Cover Peter Rawlings

Heather Erin Herbert
Hood

Valerie Cumming
Sixteen Days

Audrey Kalman
Before There Was a Benjamin

Carli Lowe
What We Had in Common

Julie Zuckerman
Tough Day for LBJ

Martin Conte
Suddenly a Bright Cloud Overshadowed Them

Abby Sinnott
The Tsarina of Caviar

Slater Welte
A Late Summer Comedy

Veronica Thorson
Thieves

Brad McElroy
The Deep End

Kim Magowan
Brining

Steve Lauder
Smoke Break


Writer's Site

Valerie Cumming

Sixteen Days

After the accident, we were told only to remember, above all else, that what had happened wasn’t Martha’s fault.

At first it wasn’t clear that our cousin Lucy was going to die—at least it was not clear to us, to my brother and sister and me. Our mother was a nurse, and every day for two weeks she left us with an elderly neighbor while she drove to Columbus, because, she explained, it would do Lucy good to see a familiar face among those looking after her. At our mother’s urging, we went through our closets and shelves looking for old toys or books that could be sent along with her and given to Lucy, to help her pass the hours. “Think about it,” my mother pressed us when we hesitated or, as the days wore on and the novelty of Lucy’s situation began to wear off, complained. “You can go outside and run and play and swim, but your little cousin cannot.” She didn’t add, “ever again,” and perhaps she should have, because when Lucy’s death came sixteen days after her accident it was a terrible shock to us; I had been picturing her sitting up in bed in a frilly pink bathrobe with a cast on her leg, calmly punching out paper dolls while she waited for her small body to heal.

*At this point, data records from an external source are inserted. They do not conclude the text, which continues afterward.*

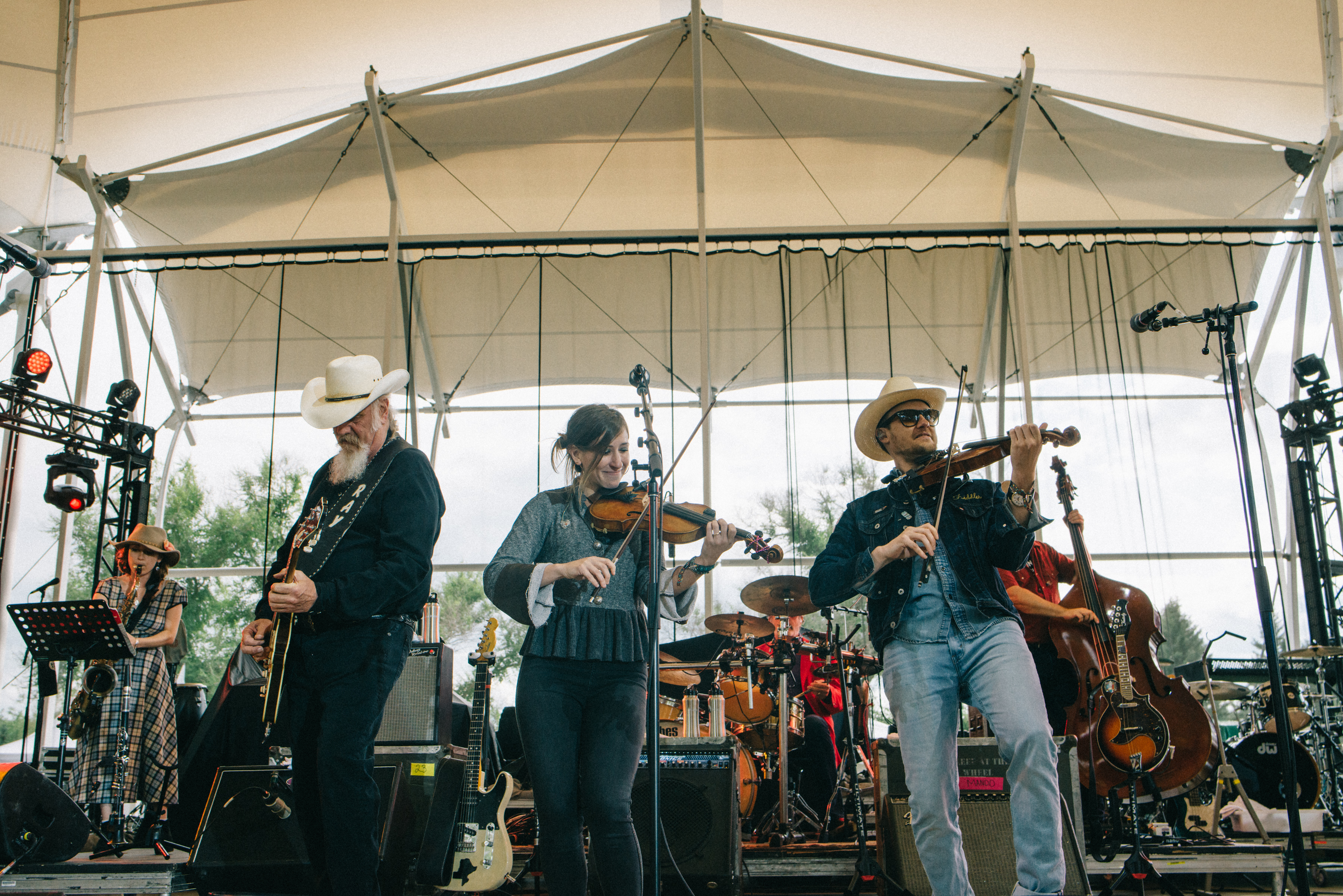 Asleep at the Wheel Interstellar Rodeo 2019
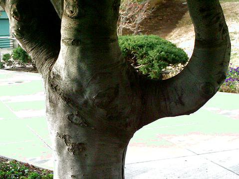 Kentucky Yellowwood tree along the Canal, Downtown Indianapolis, Indiana, USA, showing the rather smooth gray bark and the habit of branching low to the ground
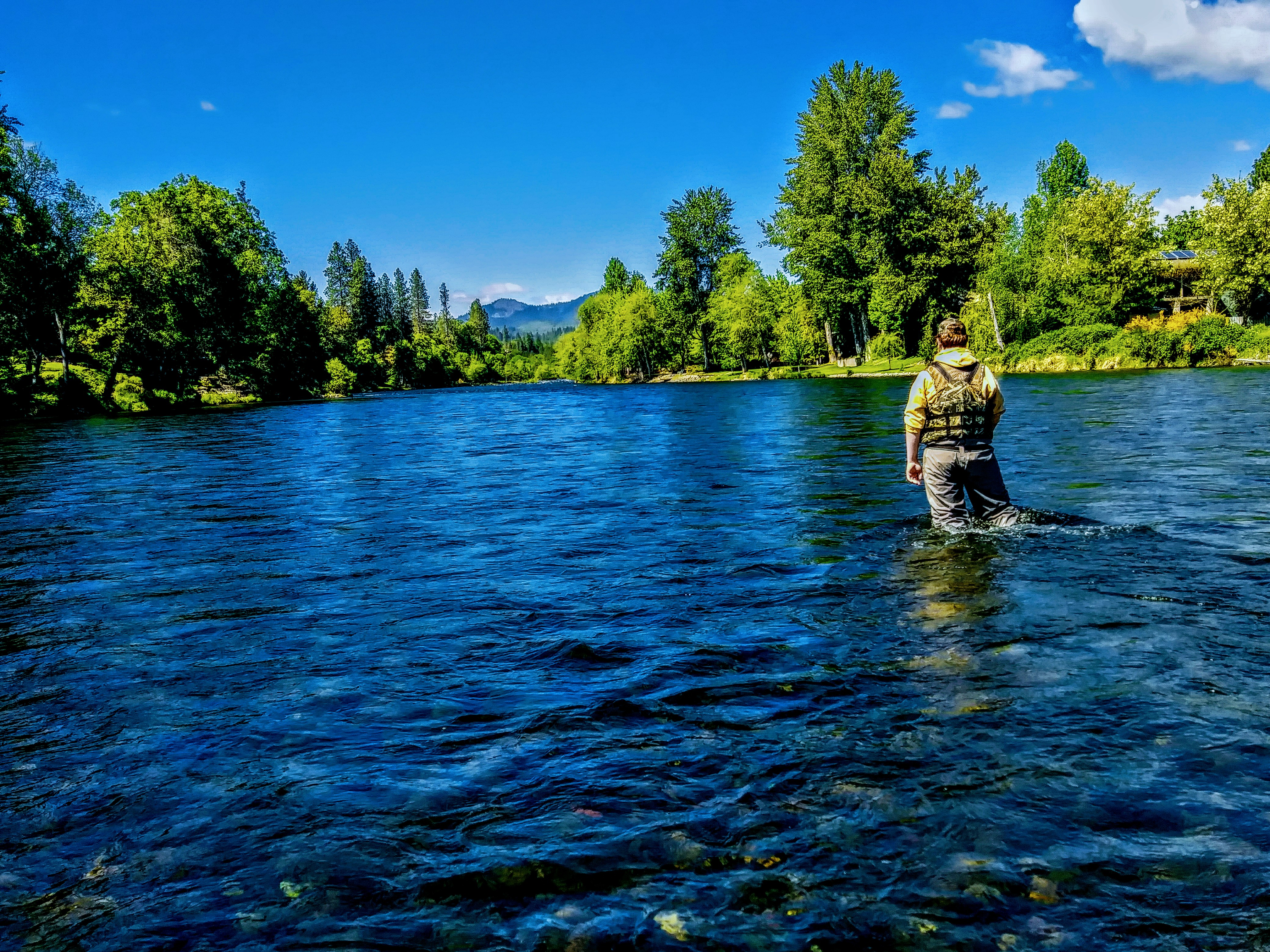 An example of how Down-shifting has given more free time to be on the Rogue River.
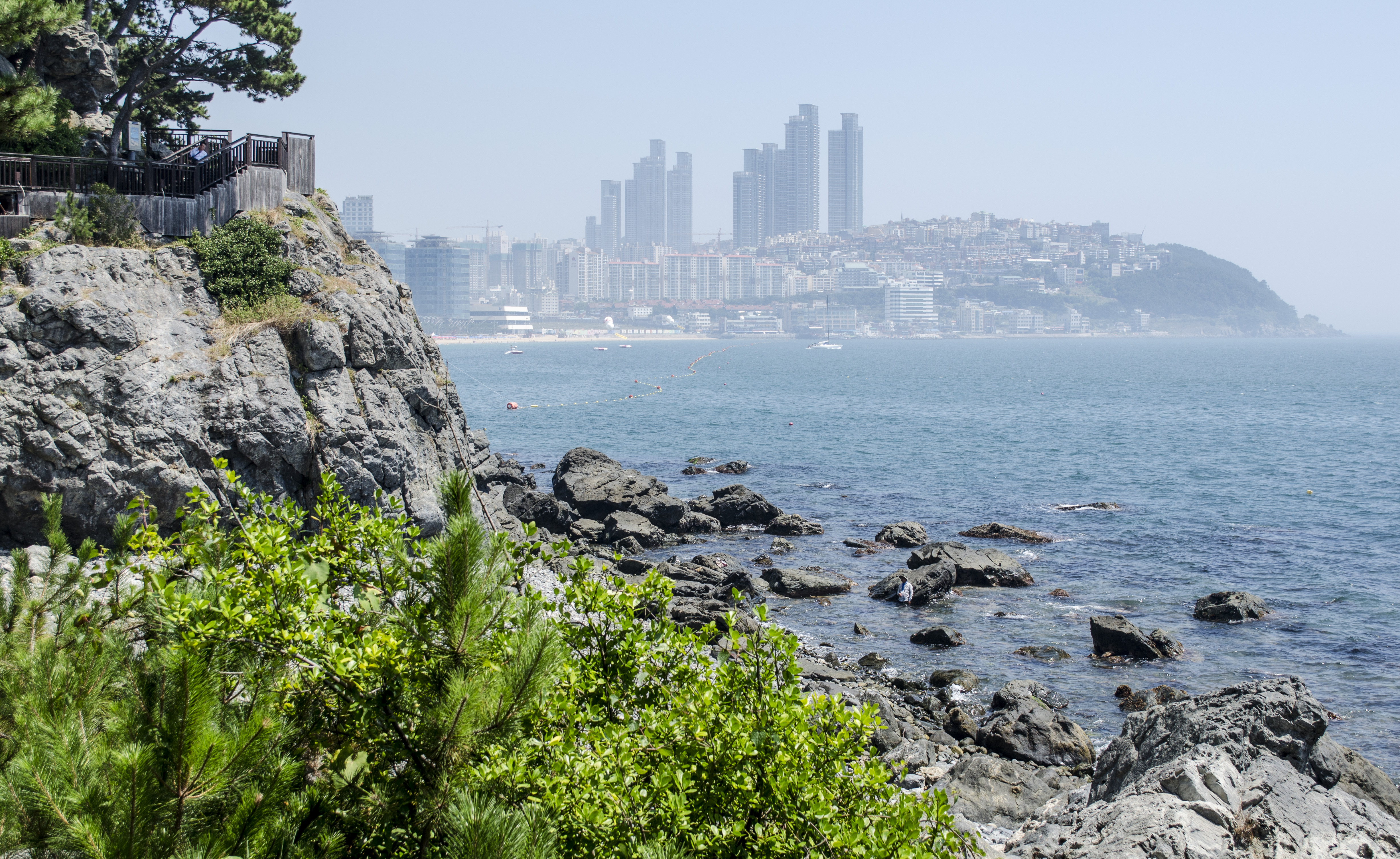 View of Dalmaji Hill in Busan, South Korea. Photograph from Flickr; author StephNurnberg; license of cc by 2.0.
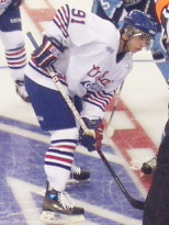 Self taken photo. September 22nd, 2006.
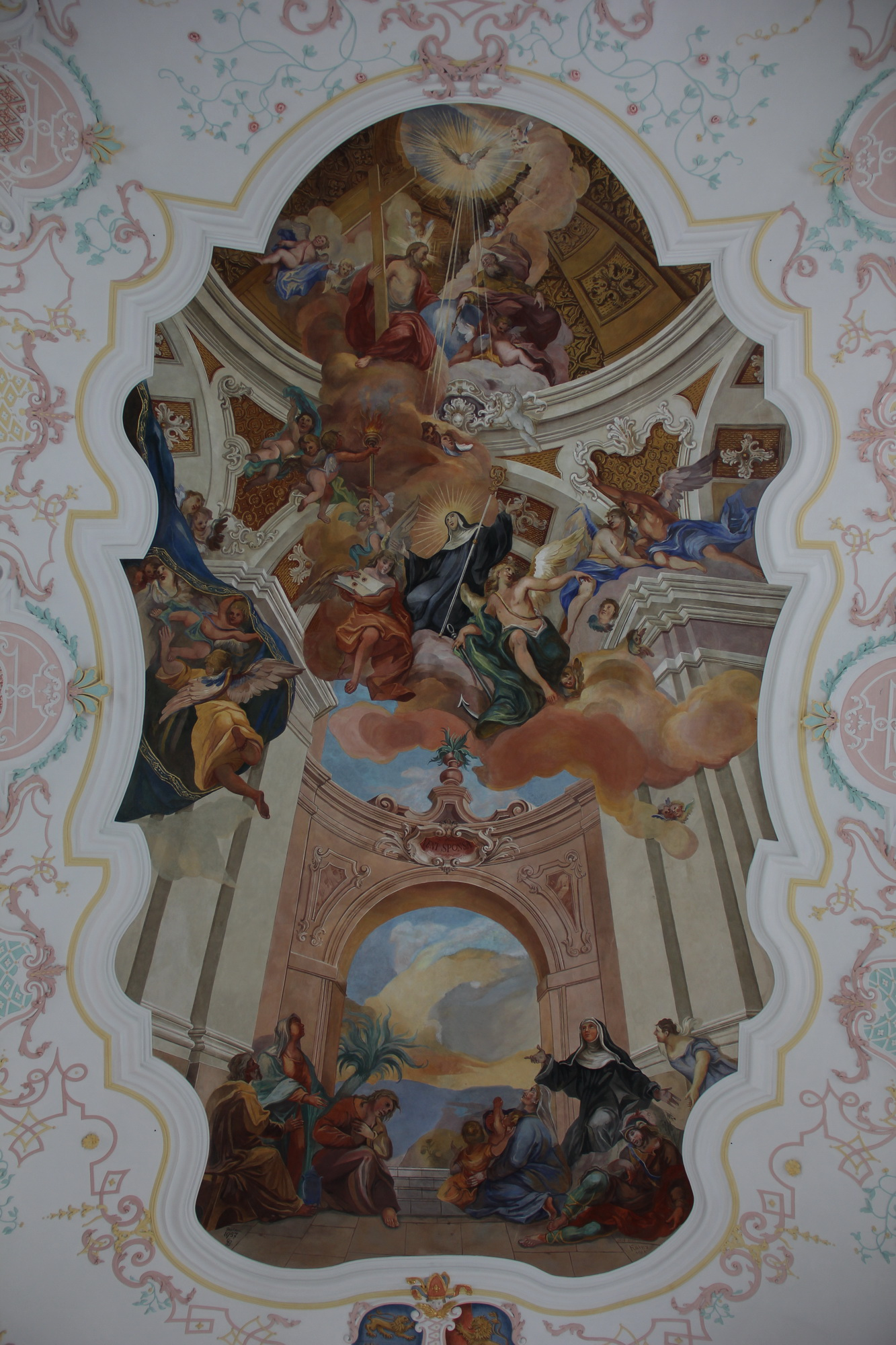 Pilgrimage church St. Odile Native nameWallfahrtskirche St. OttiliaLocationHellring, Lower Bavaria, GermanyCoordinates48° 51′ 04″ N, 12° 03′ 59″ E Authority control : Q18716335

It was Lucy’s mother, our aunt Anne, who returned our things to us in the weeks following Lucy’s death: stacks of coloring books and board games, construction paper get-well cards, all of them unopened, because, as we understood now, Lucy had never really regained consciousness. “Such sweet children,” Aunt Anne said, gathering all of us, including even my older brother, close to her. “She was lucky to have had such thoughtful cousins.”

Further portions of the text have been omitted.